肌原纤维蛋白(myofibrillar protein,MP)是肉类蛋白的主要成分,其两亲性是构建乳液体系的良好材料。然而,MP乳液受限于离子强度和结构特性,易发生絮凝和聚集。因此,改善MP油水界面特性尤为重要。尽管不同改性方法已被用于改善MP的油水界面特性,但尚未形成全面总结,且关于MP基乳液的油水界面稳定性机制仍需进一步系统综述。该文全面总结了MP油水界面特性改善方法(物理法、化学法和物理化学联合法)。详细综述了单独MP、MP-多酚和MP-多糖稳定的Pickering乳液和乳液凝胶,以及单独MP稳定的纳米乳液在油水界面稳定机制,并介绍了MP基乳液在食品工业中的应用,以期为开发更稳定和多功能应用的MP乳液提供参考。

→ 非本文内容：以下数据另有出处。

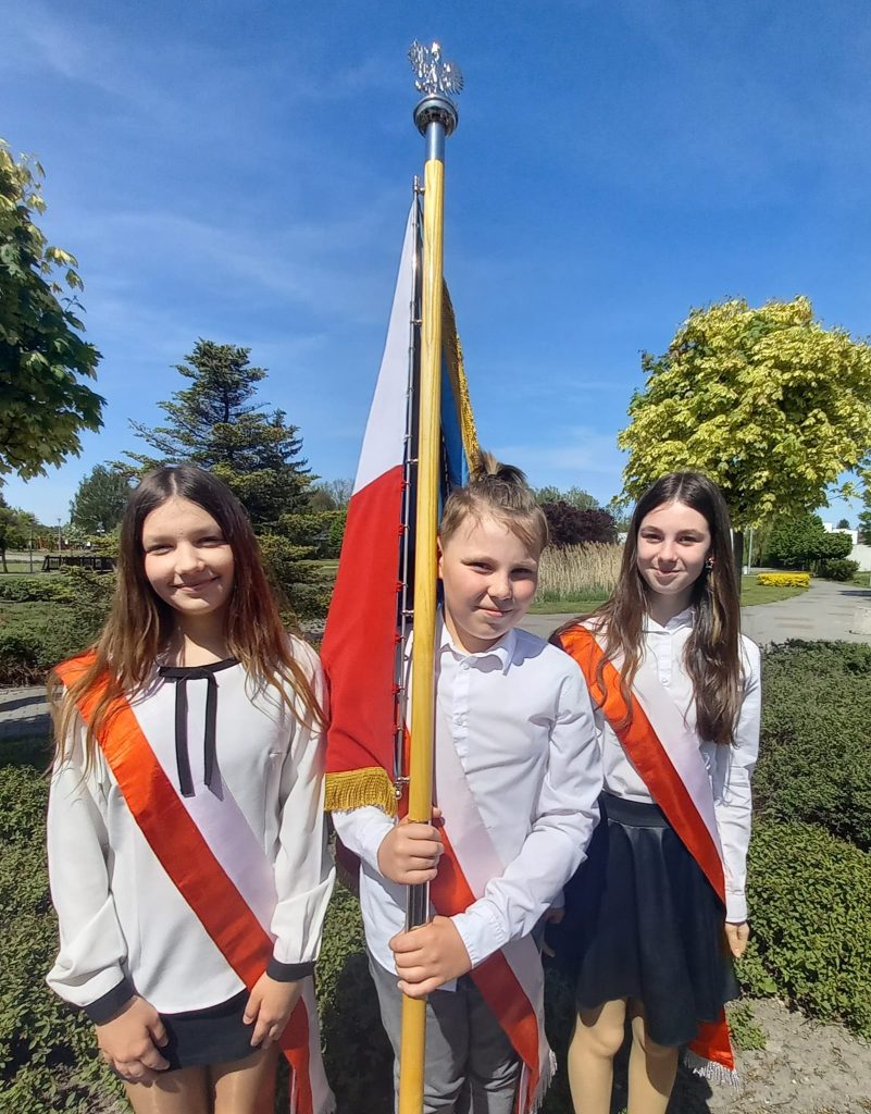 Sztandar naszej szkoły na gminnych uroczystościach z okazji Święta Konstytucji 3 Maja. Poczet sztandarowy w osobach Antoni Szwajkowski, Julia Foremska, Lena Wilczyńska razem z opiekunem Tomaszem Pałaszyńskim i Dyrektorem Szkoły Robertem Szwajkowskim uczestniczył w mszy świętej i przemarszu pod pomnik w Parku 700-lecia w Czernikowie. Wiwat 3 Maj!

关键词: 肌原纤维蛋白; 改性技术; 稳定性; 油水界面行为; 食品工业

本文引用格式

陈玉峰 , 杨方东 , 洪晴雨 , 程威威 , 郑雅丹 , 史慧茹 , 周绪霞 , 丁玉庭 , 刘书来 . 基于油水界面行为解析肌原纤维蛋白基乳液稳定机制及其在食品中的应用进展[J]. 食品与发酵工业, 2026 , 52(1) : 387 -398 . DOI: 10.13995/j.cnki.11-1802/ts.043181

Abstract

Myofibrillar protein (MP), as the principal component of meat proteins, possesses amphiphilic characteristics that make it a suitable material for constructing emulsion systems.However, MP emulsions are susceptible to flocculation and aggregation due to limitations in ionic strength and structural properties, highlighting the critical need to enhance their oil-water interfacial characteristics.Although various modification approaches have been employed to improve the oil-water interfacial properties of MP, there remains a lack of comprehensive synthesis of these methods, and the stabilization mechanisms at oil-water interfaces in MP-based emulsions require more systematic elucidation.Based on this, this review provides a comprehensive summary of MP oil-water interfacial property improvement methods (physical, chemical and combined physicochemical methods).The mechanisms of oil-water interfacial stabilisation of Pickering emulsions and emulsion gels stabilised by MP alone, MP-polyphenols and MP-polysaccharides, as well as nano-emulsions stabilised by MP alone, are described in detail.Furthermore, the applications of MP-based emulsion systems in the food industry are discussed, aiming to provide theoretical guidance for developing more stable and multifunctional MP emulsion products.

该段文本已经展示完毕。